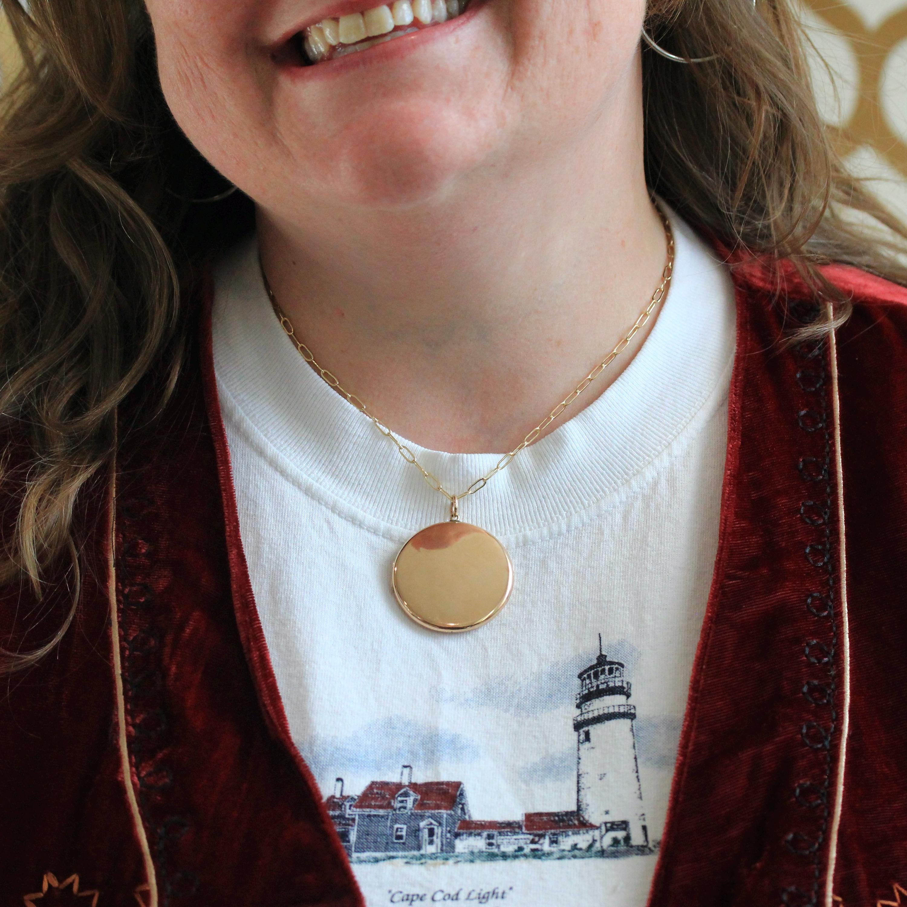 SIZE / MEASUREMENTS - Chain: 18 inches, Pendant (including bail): 1 7/8 x 1 1/2 inches, Locket Weight: 10.3 grams
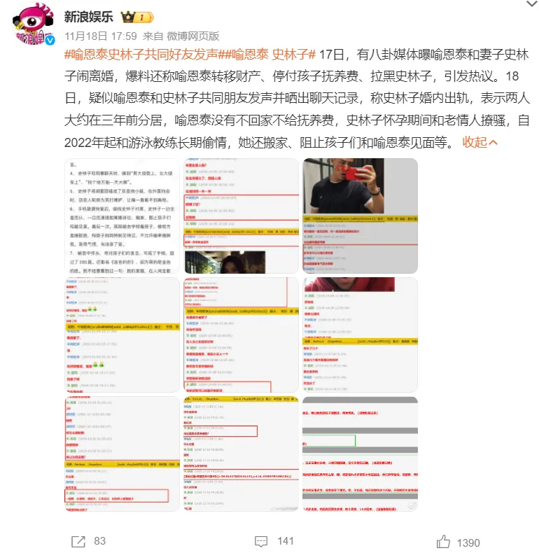 更炸裂的是,游泳教练的前妻徐女士随后下场佐证,称自己2022年通过行车记录仪发现两人私情,4月提交离婚申请,6月曾在史林子粉丝群曝光此事却被踢出拉黑,当时给喻恩泰留言也石沉大海。聊天记录中 “不然咱家老三出来的太快了” 等露骨内容,结合史林子已育两子的背景,更引发无限遐想。舆论瞬间反转,史林子从 “受害者” 变成 “出轨惯犯”,网友调侃 “这波是恶人先告状?”
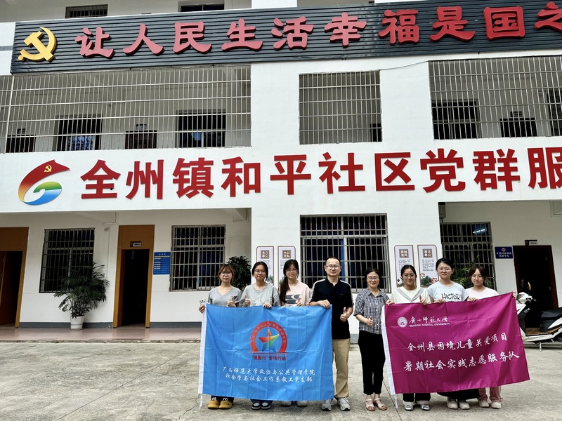 为深入贯彻党的二十大关于 “加强普惠性、基础性、兜底性民生建设”的部署,落实《中华人民共和国未成年人保护法》对困境儿童权益保障的要求,2025年7月至8月,广西师范大学政管学院“强国行”专项行动暨广西师范大学社会实践重点项目团队,在王波老师的带领下,7名社会工作专业学生共赴桂林市全州县,参与深圳市东西方社工服务社主导的“全州县困境儿童关爱服务试点项目”,通过入户走访、主题活动、专业座谈、个案跟进等多元形式,探索困境儿童关爱服务的有效路径。
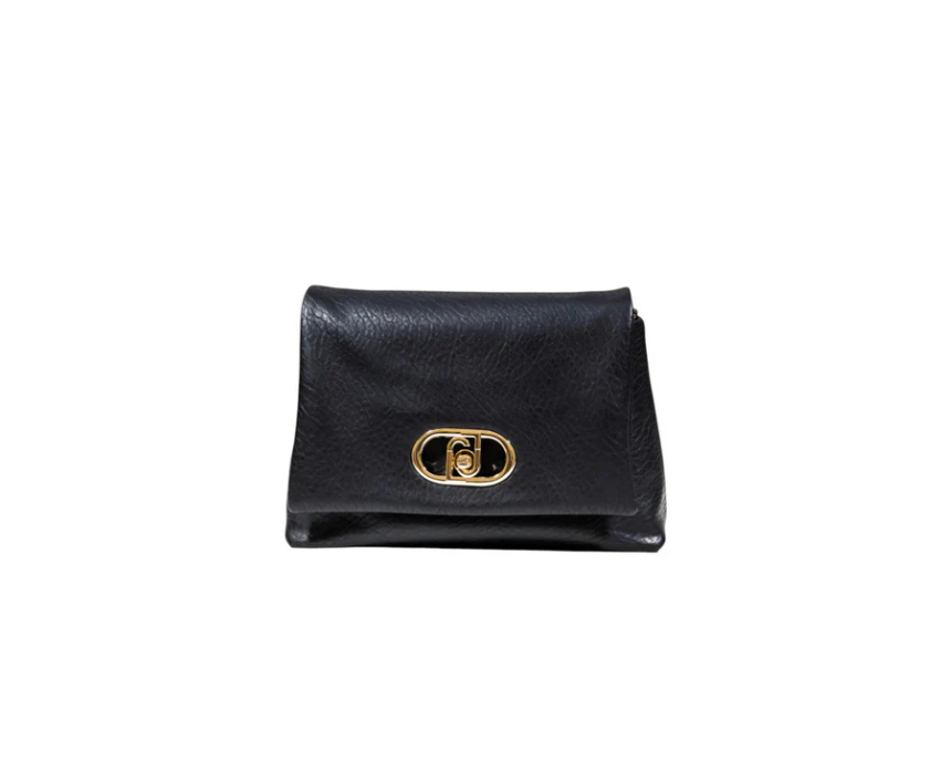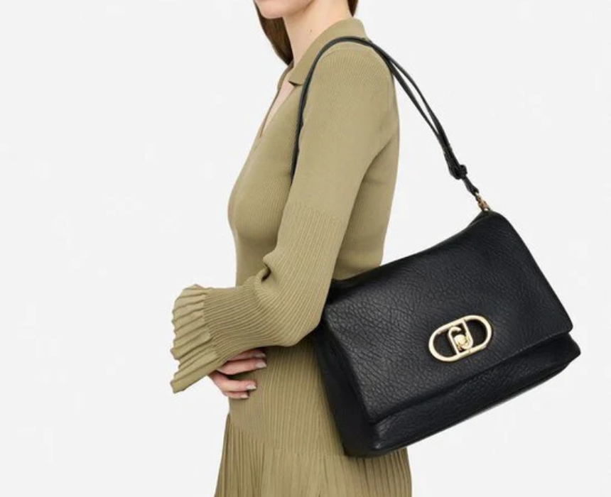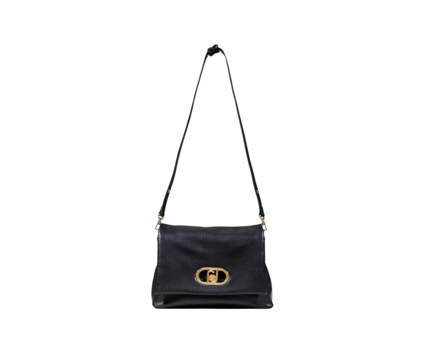 The Liu Jo ECS L Black Crossbody Bag is crafted from 100% polyurethane with a smooth leather look and structured silhouette for refined appeal. Measuring 32x22x12 cm, it features a timeless flap with hook button fastening, inside pocket, polished gold tone clasp, and an adjustable shoulder strap for versatile wear. Spacious and elegant, it elevates everyday outfits or completes sophisticated evening looks with ease.
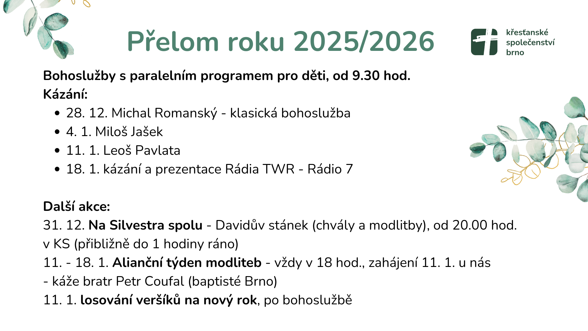 Rádi byste vstoupili do nového roku s chválou na rtech? Máte důvody k vděčnosti a rádi byste je sdíleli s druhými? Nechcete být na Silvestra prostě sami? Přijďte mezi nás na poslední Davidův stánek roku 2025.
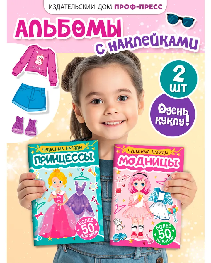 Книжка с наклейками Проф-Пресс для девочек. Чудесные наряды. Набор из 2 шт. Модницы+принцессы
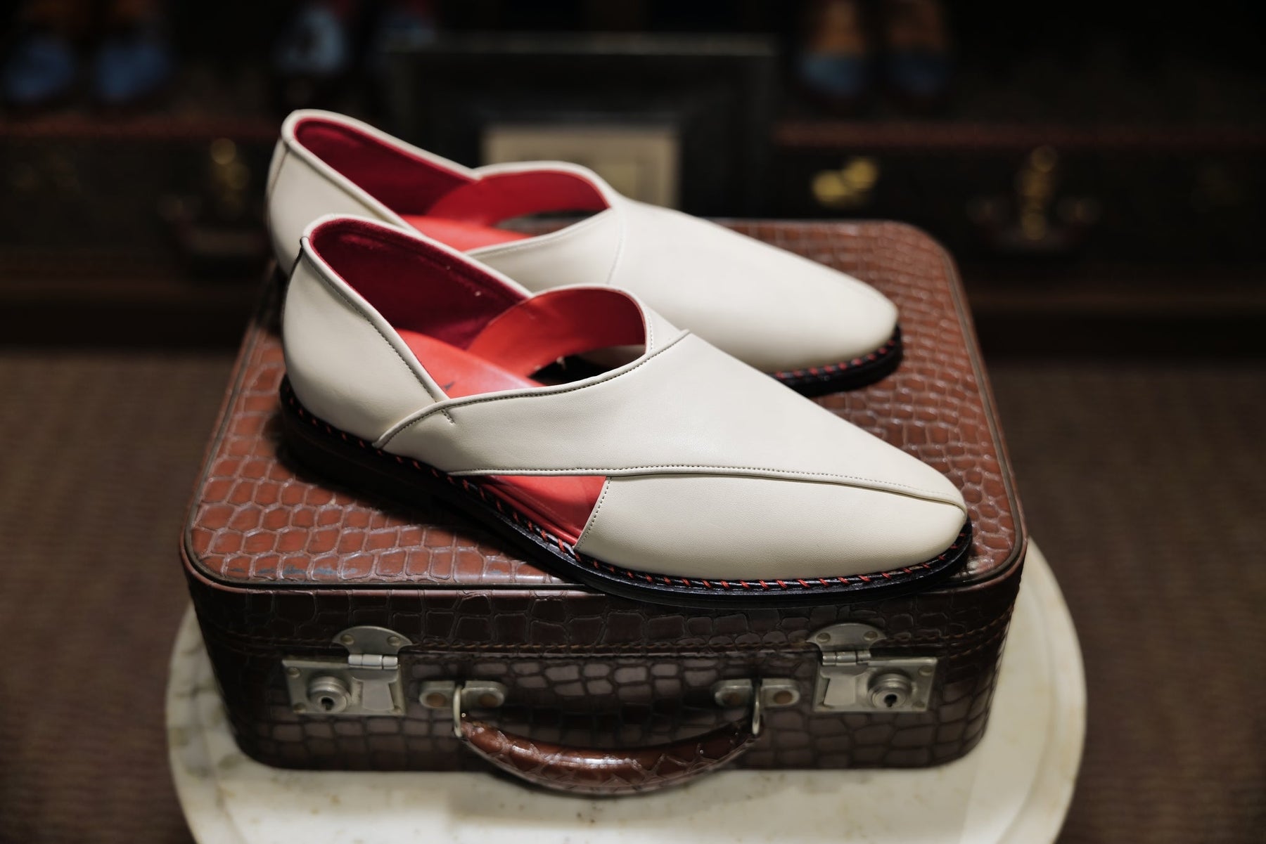 Regular price Rs. 20,000These are pure leather handcrafted Ivory Peshawaris with signature Arjun Khanna detailing.
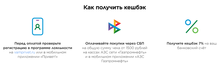 Сеть АЗС «Газпромнефть» в совместных акциях с НСПК не новичок — неоднократно проводила их ещё с 2021 года. Но предыдущие относились к оплате картами «Мир», которые уже сами-то по себе продвигать не требуется. Теперь основная тема — СБП, так что та же программа лояльности НСПК больше не называется «Привет, Мир!», да и адрес её сайта сменился. Но для пользователей всё произошло прозрачно — просто теперь есть акции и по картам, и при оплате через СБП (и дополнительная регистрация не требуется). Эта конкретная — второго типа.
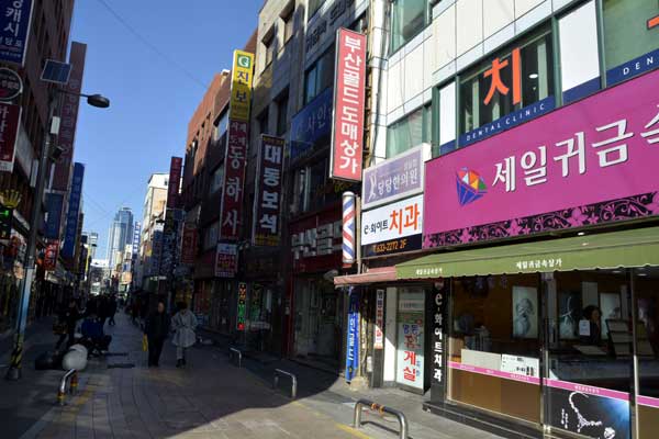 凡一洞貴金属通りの入口には「ゴールドのテーマ(Gold Theme)」が表記された四角の造形物が設置されており、近所に平和卸売市場と自由卸売市場、また、婚礼専門市場の釜山鎮市場もあって、以前から釜山を代表する貴金属通りとして脚光を浴びました。
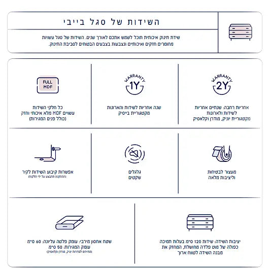 חיזוק משולש בגב השידה מבטיח עמידות לשנים רבות.
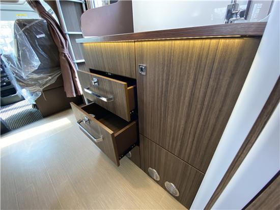 宇通依维柯C型搭配220V电磁炉,下置冷冻、冷藏分离式139L超大容量冰箱,解决您在旅途中的餐食保存问题,保证您可以吃到想吃的低温冷藏食品。厨房配置:220V电磁炉、抽油烟机、超大方形洗菜盆、洗菜盆内折叠水龙头、洗衣机。
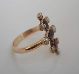 8 Oct 2018 georgian_circa_1800_garnet_seed_pearl_15ct_gold_lace_pin_conversion_ring2 by antiquejewellerybox | | 0
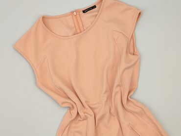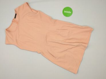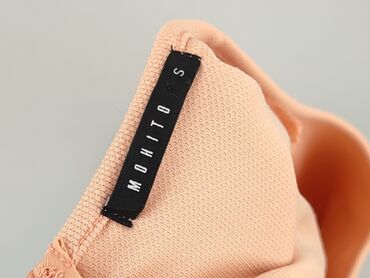 Sukienka damska marki Mohito w kolorze brzoskwiniowym. Charakteryzuje się prostym, ale eleganckim designem, z czarnym wykończeniem dekoltu w kształcie litery V. Sukienka ma krótki rękaw i dopasowan...
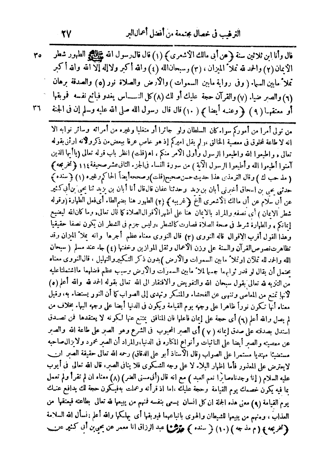من تولى أمرا من أموركم سواء كان السلطان ولو جائرا أو متغلبا وغيره من أمرئه وسائر نوابه إلا أنه لا طاعة لمخلوق في معصية الخالق ولم يقل أميركم إذ هو خاص عرفا ببعض من ذكرو لأنه أوثق بقوله تعالى (واطيعوا الله واطيعوا الرسول وأولي الأمر منكم) اهـ (قلت) انظر باب قوله تعالى (يا أيها الذين آمنوا اطيعوا الله واطيعوا الرسول الآية) من سورة النساء في الجزء الثاني عشر صحيفة 114 (تخريجه) (مذ حب ك) وقال الترمذي هذا حديث حسن صحيح (قلت) وصححه أيضا الحاكم وغيره (1) (سنده) حدثني يحيى بن اسحاق أخبرني أبان بن يزيد وحدثنا عفان قال قال أنا أبان بن يزيد ثنا يحيى بن أبي كثير عن أبي سلام عن أبي مالك الأشعري الخ (غريبه) (2) الطهور هنا بضم الطاء أي فعل الطهارة (وقوله شطر الإيمان) أي نصفه والمراد بالإيمان هنا على اطهر الاقوال الصلاة كما قال تعالى (وما كان الله ليضيع إيمانكم) والطهارة شرط في صحة الصلاة فصارت كالشطر وليس جزم في الشطر أن يكون نصفا حقيقيا وهذا أقرب الأقوال قاله النووي (3) قال النووي معناه عظم أجرها وأنه يملأ الميزان وقد تظاهرت نصوص القرآن والسنة على وزن الأعمال وثقل الموازين وخفتها (4) جاء عند مسلم (سبحان الله والحمد لله تملآن أو تملأ ما بين السموات والأرض) بدون ذكر التكبير والتهليل قال النووي معناه يحتمل أن يقال لو قدر ثوابهما جسما لملأ ما بين السموات والأرض وسبب عظم فضلها ما اشتملتا عليه من التنزيه لله تعالى بقول سبحان الله والتفويض والافتقار إلى الله تعالى بقوله الحمد لله والله أعلم (5) لأنها تمنع من المعاصي وتنهي عن الفحشاء والمنكر وتهدي إلى الصواب كما أن النور يستضاء به وقيل معناه أنها تكون نورا ظاهرا على وجهه يوم القيامة ويكون في الدنيا أيضا على وجهه البهاء بخلاف من لم يصل والله أعلم (6) أي حجة على إيمان فاعلها فإن المنافق يمتنع عنها لكونه لا يعتقدها فمن تصدق استدل بصدقته على صدق إيمانه (7) أي الصبر المحبوب في الشرع وهو الصبر على طاعة الله والصبر على معصيته والصبر أيضا على النائبات وأنواع المكاره في الدنيا والمراد أن الصبر محمود ولا يزال صاحبه مستضيئا مهتديا مستمرا على الصواب (قال الأستاذ أبو على الدقاق) رحمه الله تعالى حقيقة الصبر أن لا يعترض على المعذور فأما إظهار البلاء لا على وجه الشكوى فلا ينافي الصبر قال الله تعالى في أيوب عليه السلام (إنا وجدناه صابرا نعم العبد) مع أنه قال (إني مسني الضر) (8) معناه أن لم تقرأ ولم تعمل بما فيه يكون خصمك يوم القيامة وحجة عليك اما إذا قرأته وعملت به فيكون حجة لك يدافع عنك يوم القيامة (9) معنى هذه الجملة أن كل إنسان يسعى بنفسه فمنهم من يبيعها لله تعالى بطاعته فيعتقها من العذاب ومنهم من يبيعها للشيطان والهوى باتباعهما فيوبقهما أي يهلكها والله أعلم نسأل الله السلامة (تخريجه) (م مذ جه) (10) (سنده) حدثنا عبد الرزاق أنا معمر عن يحيى بن أبي كثير عن
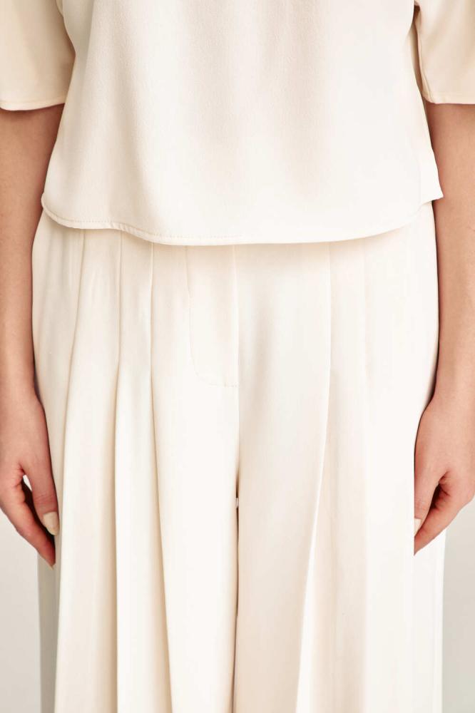 أضيفي لمسة عصرية لتشكيلة ملابسكِ باقتناء هذه البلوزه الأنيقة ، مصممة بياقة مستديرة وبأكمام قصيرة ، ومزينة بتطريزات ناعمة عند الياقة لتمنحكِ إطلالة انثوية ناعمة
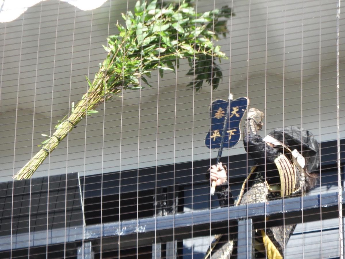 どうも左側の家臣の方の箒が折れて殿にとばっちりがいったらしい
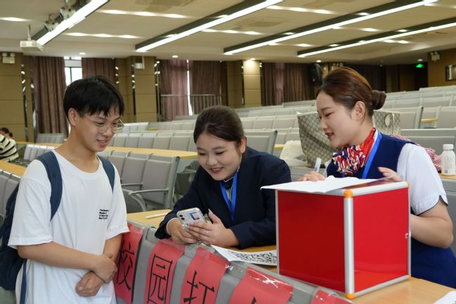 “同学,我带你过去。”“我来帮你提!”“这是你的新生手册,请收好。”……在旅游与航空服务学院新生报到现场,学长学姐们着制服“上岗”,高效快捷地为萌新们提供入学“一站式”贴心周到服务。
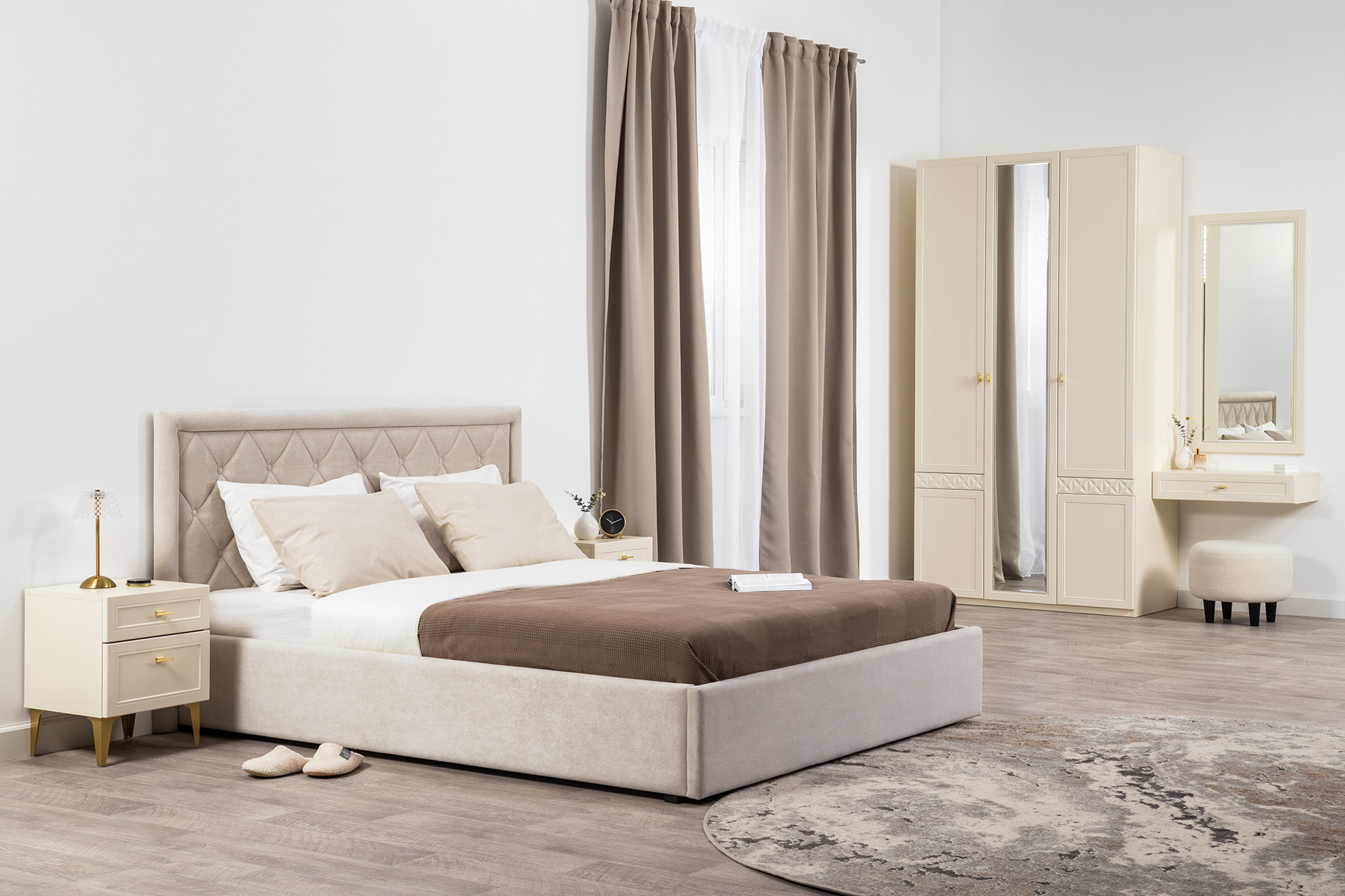 Кровать Марион — это идеальное сочетание стиля и комфорта. Элегантное изголовье оформлено стежкой в виде классической каретной стяжки, украшенной декоративными пуговицами, что придаёт изделию выразительный и утончённый вид. По всему периметру кровати проходит аккуратный валик, подчеркивающий геометрию и завершённость формы.

● WORK INSTRUCTIONS
Beginning with the line that contains "חיזוק משולש בגב" and ending with the line that contains "Sukienka damska marki", reproduce the listing exactly, pictures excluded.

● COMPLETED TASK
 חיזוק משולש בגב השידה מבטיח עמידות לשנים רבות.
 宇通依维柯C型搭配220V电磁炉,下置冷冻、冷藏分离式139L超大容量冰箱,解决您在旅途中的餐食保存问题,保证您可以吃到想吃的低温冷藏食品。厨房配置:220V电磁炉、抽油烟机、超大方形洗菜盆、洗菜盆内折叠水龙头、洗衣机。
 8 Oct 2018 georgian_circa_1800_garnet_seed_pearl_15ct_gold_lace_pin_conversion_ring2 by antiquejewellerybox | | 0
 Sukienka damska marki Mohito w kolorze brzoskwiniowym. Charakteryzuje się prostym, ale eleganckim designem, z czarnym wykończeniem dekoltu w kształcie litery V. Sukienka ma krótki rękaw i dopasowan...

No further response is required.